DESCRIPTION OF THE TASK: From the line containing "演練結合當前汛期防汛救援工作" through the last line of the records below, output every line exactly as it appears, but leave out the pictures.

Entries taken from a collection

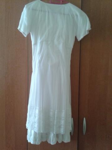 Suknelė, su natūralaus šilko pamušalu puošta tiuliu ir šilko kaspinu. Apimtis per liemenį 72cm, krutinės apimtis 86cm, ilgis 96cm
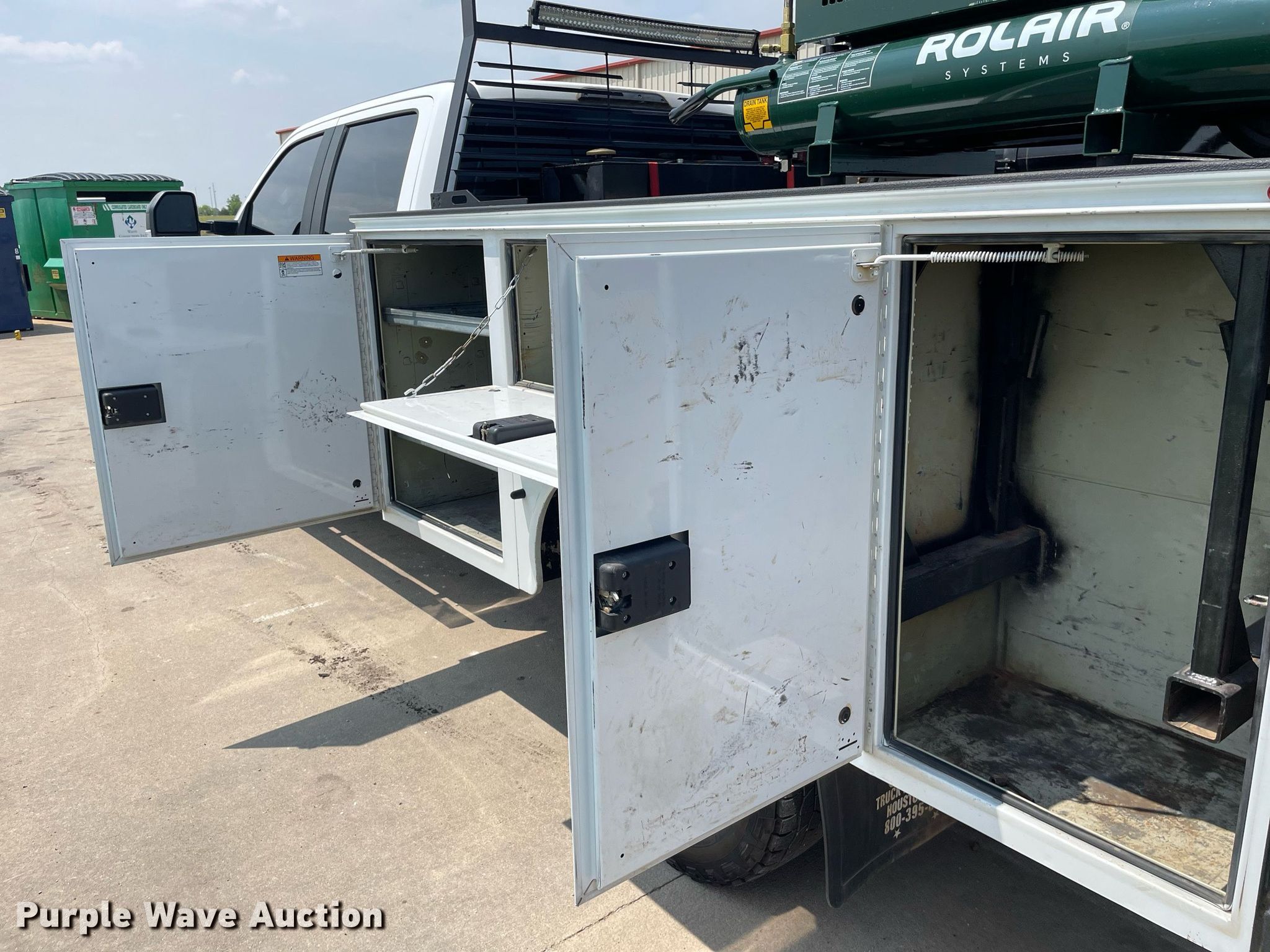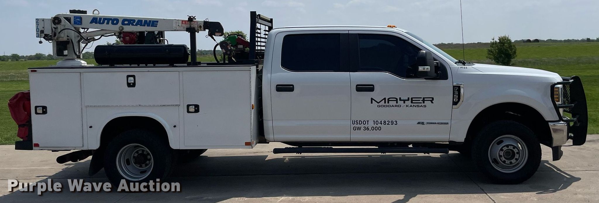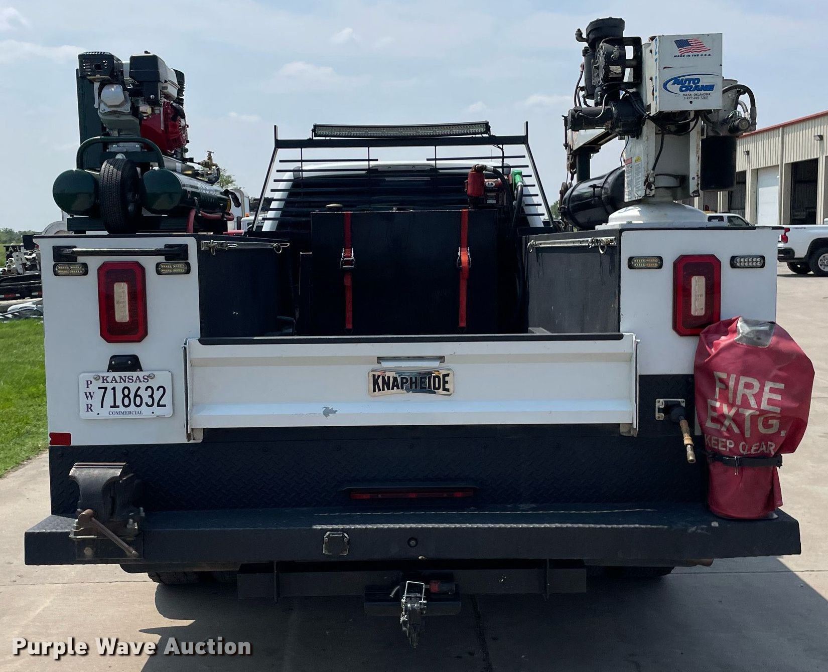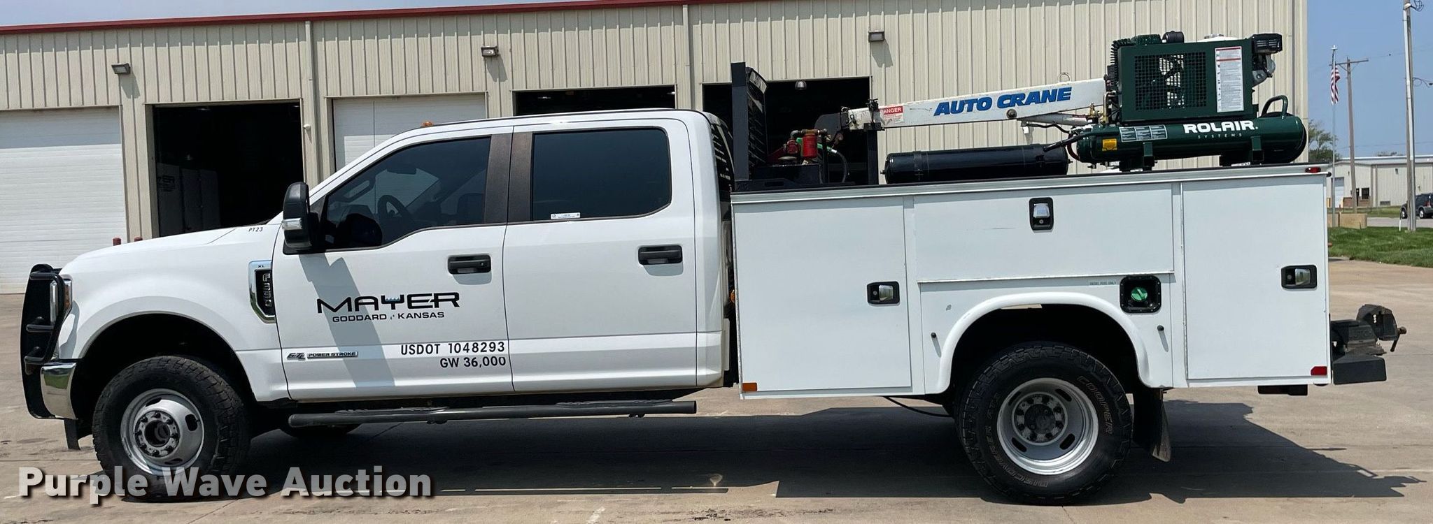 2018 Ford F350 Super Duty Crew Cab utility bed pickup truck. Miles: 135,138 on odometer, VIN: 1FD8W3HT9JEB40176. Engine Displacement: 6.7L V8 OHV, Cylinders: 8, Fuel type: Diesel. Transmission Automatic. Chassis Four wheel drive. Interior AC, Heat, Heated mirrors, Power windows, Power locks, Cruise control, Backup camera. Features Bed Knapheide 6108D54, 9' 8" L x 96" W, Air compressor Rolair MDL6590HK18-0279, Crane Autocrane 2703, Maximum boom length: 14' Maximum lift capacity: 2,700 lbs, Controls: remote, Auxiliary fuel tank Fill Rite pump, Hose reel. Tires Size: 265/70R17. Notes EGR delete. Kansas title. Title distribution may be delayed up to 14 days from verification of funds. Mayer Specialty Services, LLC. Goddard, KS 67052
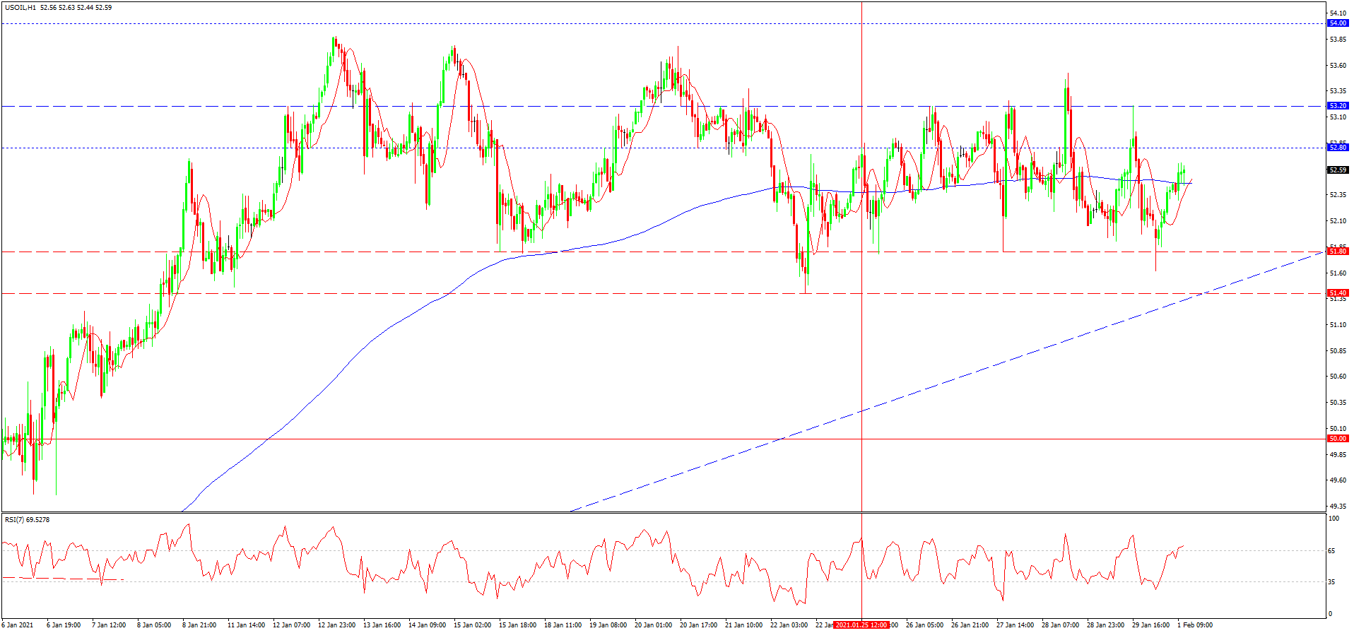 از دفعه گذشته به تاریخ 25 ژانویه که در مورد نفت نوشته بودیم، نرخ گذاری ها مینیموم 51.80-51.40 را تست کرده بودند و تا مرز 53.20 افزایش یافت. روند در حال حاضر در بطن کانال افقی 51.80-53.20 ادامه داشته و برخورد به زود قیمت با مینیموم ها و خط روند شاید از سر گیر افزایش دوباره را به دنبال داشته باشد. در صورتی که سیاست آتی جو بایدن فضای متشنج خاورمیانه را آرام کند، شاید روند قیمت نفت بعد از برخورد با مینیموم ها با سرعتی کند بتواند به افزایش ادامه دهد.
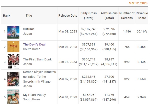 日本に完全敗北した韓国映画界、Top5のうち3つが日本アニメ「クリエイティブ分野でも日本に勝てない」
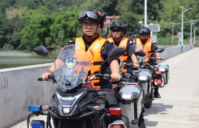 演練結合當前汛期防汛救援工作和溺水警情處置的特點和實戰需求,分步組織開展鐵騎快速救援、無人機拋投救生圈、警犬救援、沖鋒舟救援等多種專業救援技能科目。
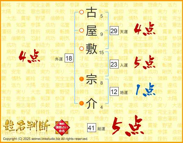 古屋敷宗介さんの総運は41画の5点!
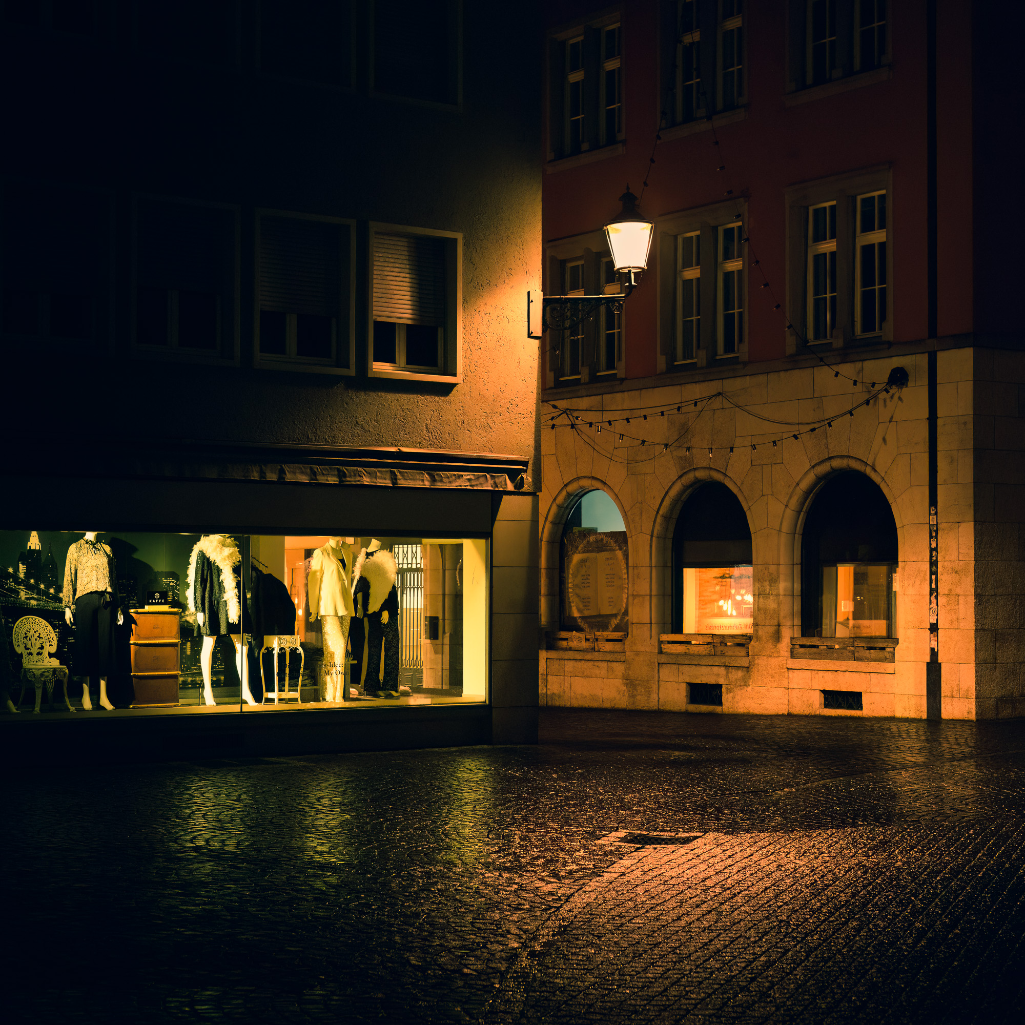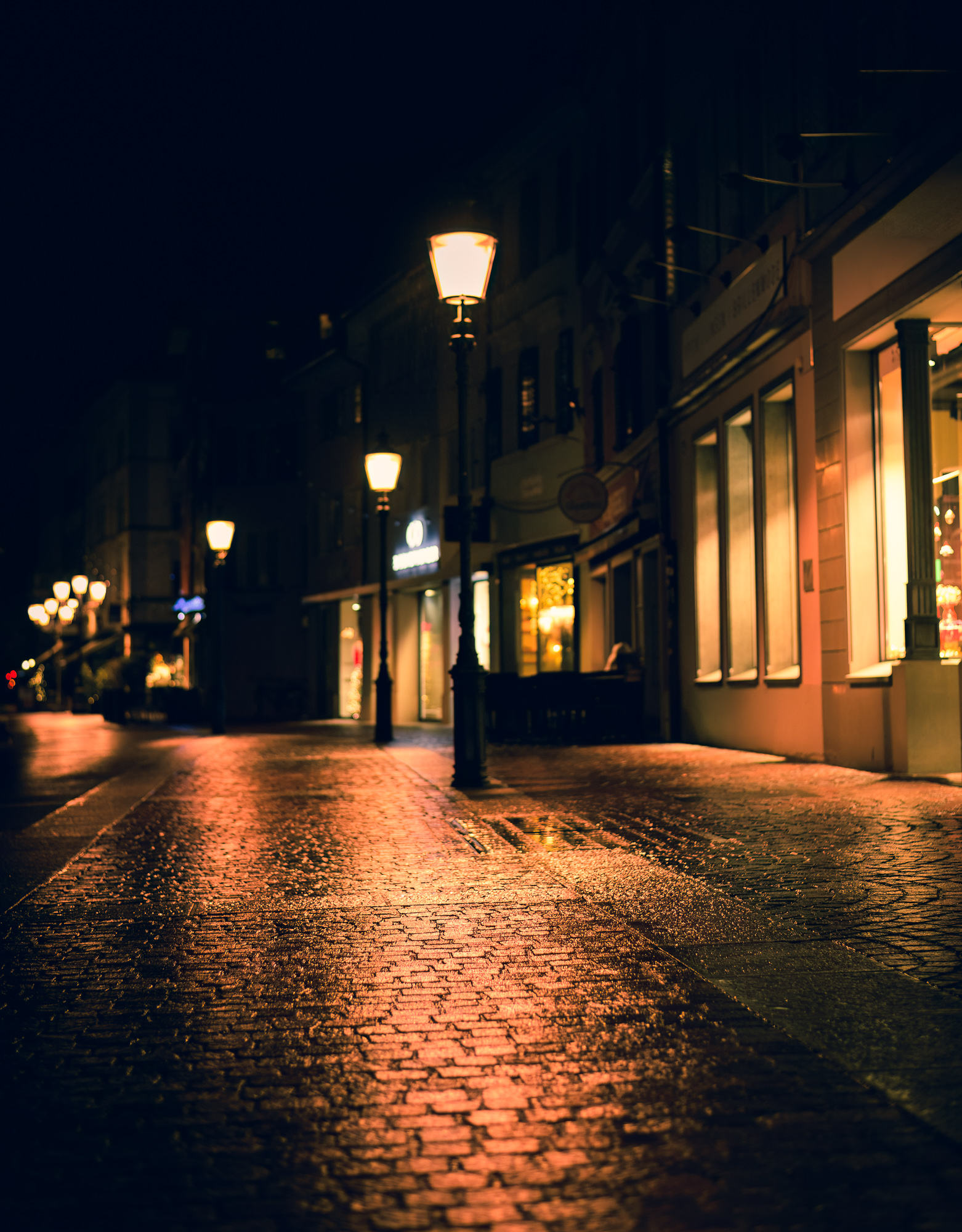 A quiet town square after dark, illuminated by a shop window and a solitary street lamp. Rain-soaked cobblestones reflect the warm glow, turning an empty scene into a cinematic fragment of urban stillness.

RESPONSE:
 演練結合當前汛期防汛救援工作和溺水警情處置的特點和實戰需求,分步組織開展鐵騎快速救援、無人機拋投救生圈、警犬救援、沖鋒舟救援等多種專業救援技能科目。
 古屋敷宗介さんの総運は41画の5点!
 A quiet town square after dark, illuminated by a shop window and a solitary street lamp. Rain-soaked cobblestones reflect the warm glow, turning an empty scene into a cinematic fragment of urban stillness.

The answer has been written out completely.